== Provided entries

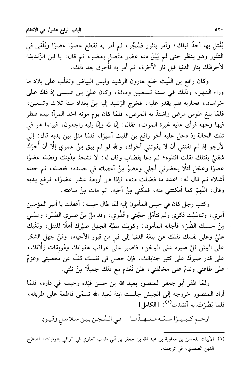 يقتل بها أحد قبلك وأمر بتنور فسجر ثم أمر به فقطع عضواً عضواً ويلقى ي التنور وهو ينظر حتى لم يبق منه عضو متصل بعضو ثم قال يا ابن الزنديقة لا حرقنك بنار الدنيا قبل نار الآخرة ثم أمر به فأحرق بعد ذلك وكان رافع بن الليث خلع هرون الرشيد ولبس البياض وتغلب على بلاد ما وراء النهر وذلك في سنة تسعين ومائة وكان علي بن عيسى إذ ذاك على خراسان فحاربه فلم يقدر عليه فخرج الرشيد إليه من بغداد سنة ثلاث وتسعين فلما بلغ طوس مرض واشتد به المرض فلما كان يوم موته أخذ المرآة بيده فنظر فيها وجهه فرأى عليه غبرة الموت فقال إنا لله وإنا إليه راجعون فبينما هو في تلك الحالة إذ دخل عليه أخو رافع بن الليث أسيراً فلما مثل بين يديه قال إني لأرجو إذ لم تفتني أن لا يفوتني أخوك والله لو لم يبق من عمري إلا أن أحرك شفتي بقتلك لقلت اقتلوه ثم دعا بقصاب وقال له لا تشحذ مديتك وفصله عضواً عضواً وعجل لئلا يحضرني أجلي وعضو من أعضائه في جسده ففصله ثم جعله أشلاء ثم قال له اعدد ما فصلت منه فإذا هو أربعة عشر عضواً فرفع يديه وقال اللهم كما أمكنتني منه فمكني من أخيه ثم مات من ساعته وكتب رجل كان في حبس المأمون إليه لما طال حبسه أغفلت يا أمير المؤمنين أمري وتناسيت ذكري ولم تتأمل حجتي وعذري وقد مل من صبري الصبر ومسني من حبسك الضر فأجابه المأمون ركوبك مطية الجهل صيرك أهلاً للقتل وبغيك علي وعلى نفسك نقلك عن سعة الدنيا إلى قبر من قبور الأحيا ومن جهل الشكر على المنن قل صبره على المحن فاصبر على عواقب هفواتك وموبقات زلاتك على قدر صبرك على كثير جناياتك فإن حصل في نفسك ف عن معصيتي وعزم على طاعتي وندم على مخالفتي فلن تعدم مع ذلك جميلاً من نيتي ولما ظفر أبو جعفر المنصور بعبد الله بن حسن قيده وحبسه في داره فلما أراد المنصور خروجه إلى الجيش جلست ابنة لعبد الله تسمى فاطمة على طريقه فلما بصرت به أنشدت
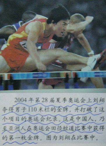 在圖片下附著的文字說明這般寫道:“2004年第28屆夏季奧運(yùn)會上劉翔奪得男子110欄的金牌,并打破了這個(gè)項(xiàng)目的奧運(yùn)會紀(jì)錄。這是中國人乃至亞洲人在奧運(yùn)會田徑短道比賽中獲得的第一枚金牌。圖為劉翔在比賽中!
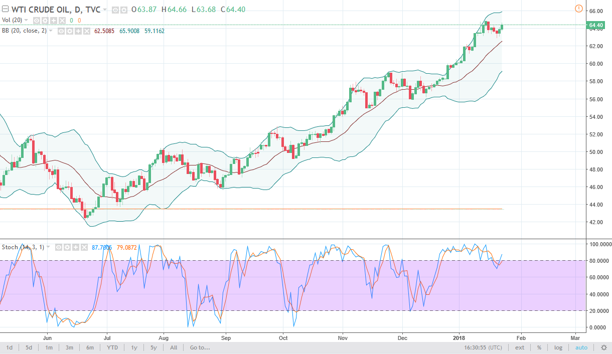 The WTI Crude Oil market has been slightly positive during the trading session on Tuesday, as we continue to grind towards the $65 handle. That’s an area that has a certain amount of psychological resistance, but I think we could break above there. Once we do, the market should go to the $67.50 level, as it is the next major barrier. Pullbacks of this point should continue to be a momentum building exercise, especially down near the $62.50 level. I think that the overall uptrend continues, especially if the US dollar continues to fall. If we break down below the $62 level, that sends the market down to the $60 level next, and then eventually lower than that. Expect volatility regardless, but it looks as if the buyers are still going to be aggressive.
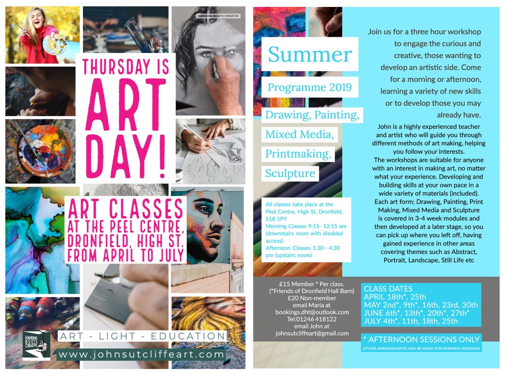 Bookings email Maria at bookings.dht@outlook.com or John at johnsutcliffeart@gmail.com
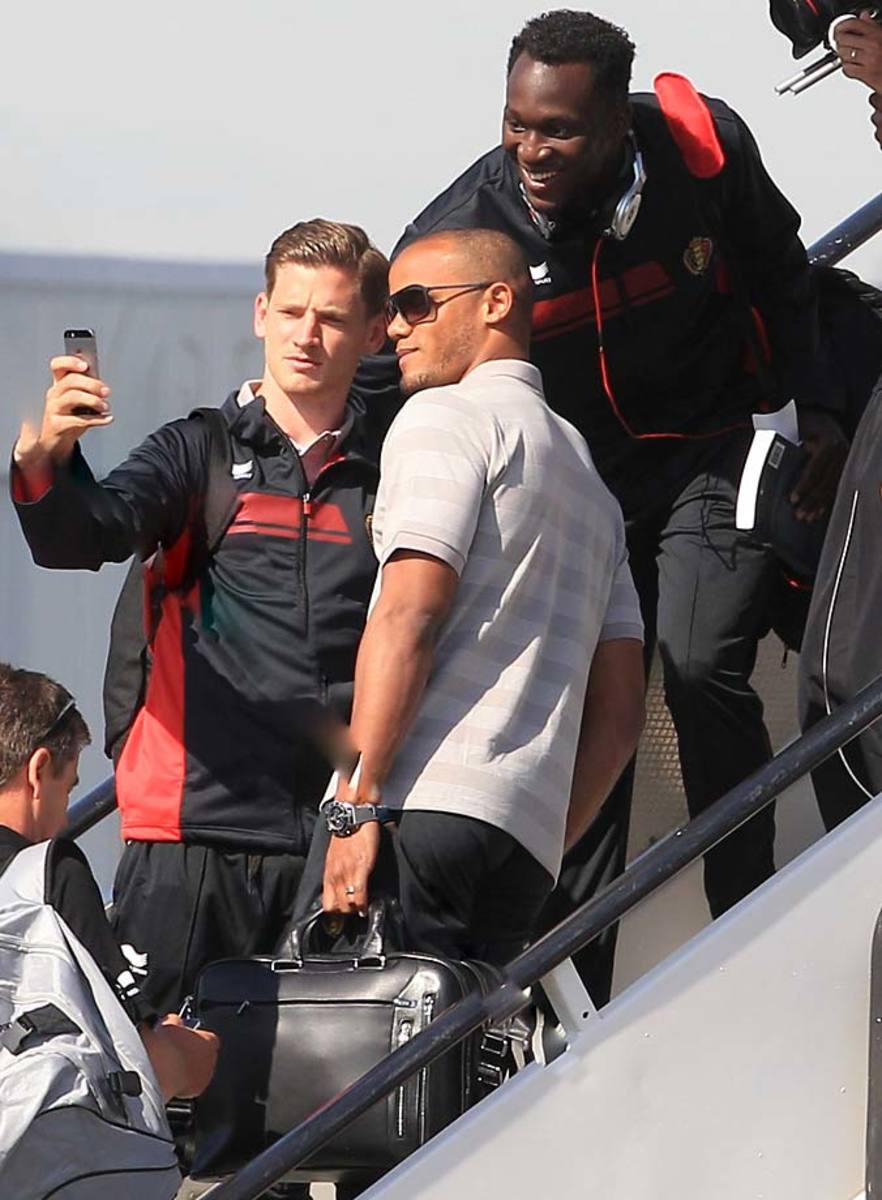 Belgian soccer players Vincent Kompany, center, Romelu Lukaku, top right, and Jan Vertonghen pose for a selfie prior to embarking the plane, departing from Brussels airport to Sao Paulo Brazil on June 10. Belgium will play against South Korea, Russia and Algeria in Group H.
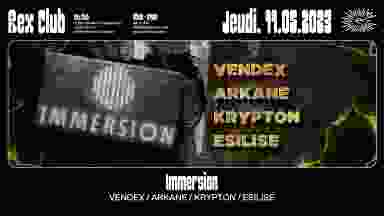 Immersion arrive au Rex Club Jeudi 11 Mai pour une douzième édition Hard Techno avec @vendexofficial • @
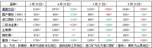 6月份国内原料市场总体是先抑后扬,与钢材联动性较强的钢坯和废钢中旬起便开始跟涨,钢坯价格更是创下今年的新高;铁矿石和焦炭资源压力较大,走势相对偏弱,直至下旬期货发力上涨后,现货价格才有小幅反弹。
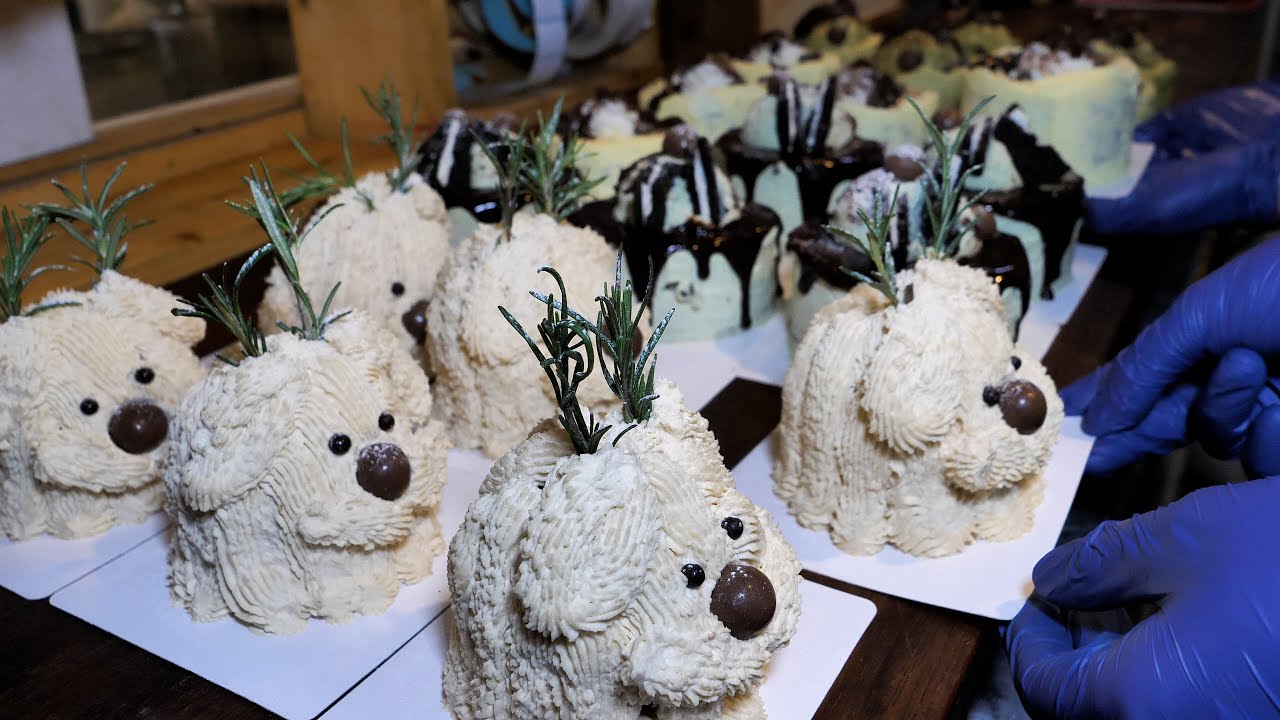 צפייה ישירה ב-YouTube초코빵이 들어간! 귀여운 강아지 모양 수제케이크와 다양한 케익 만들기 making dog shaped fresh cream cake - korean street food
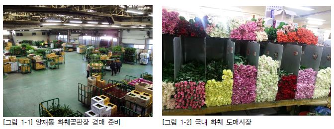 라서 화훼 도매시장은 크게 공영도매시장이라고 할 수 있는 법정도매시장, 전문농협에서 운영하는 공판장 및 재래시장 등 3가지로 구분할 수 있다.

====

### Task goal
Say again, word for word, every line from the one with "צפייה ישירה ב-YouTube초코빵이" through the last line of the data above, minus the pictures.

### Written solution
 צפייה ישירה ב-YouTube초코빵이 들어간! 귀여운 강아지 모양 수제케이크와 다양한 케익 만들기 making dog shaped fresh cream cake - korean street food
 라서 화훼 도매시장은 크게 공영도매시장이라고 할 수 있는 법정도매시장, 전문농협에서 운영하는 공판장 및 재래시장 등 3가지로 구분할 수 있다.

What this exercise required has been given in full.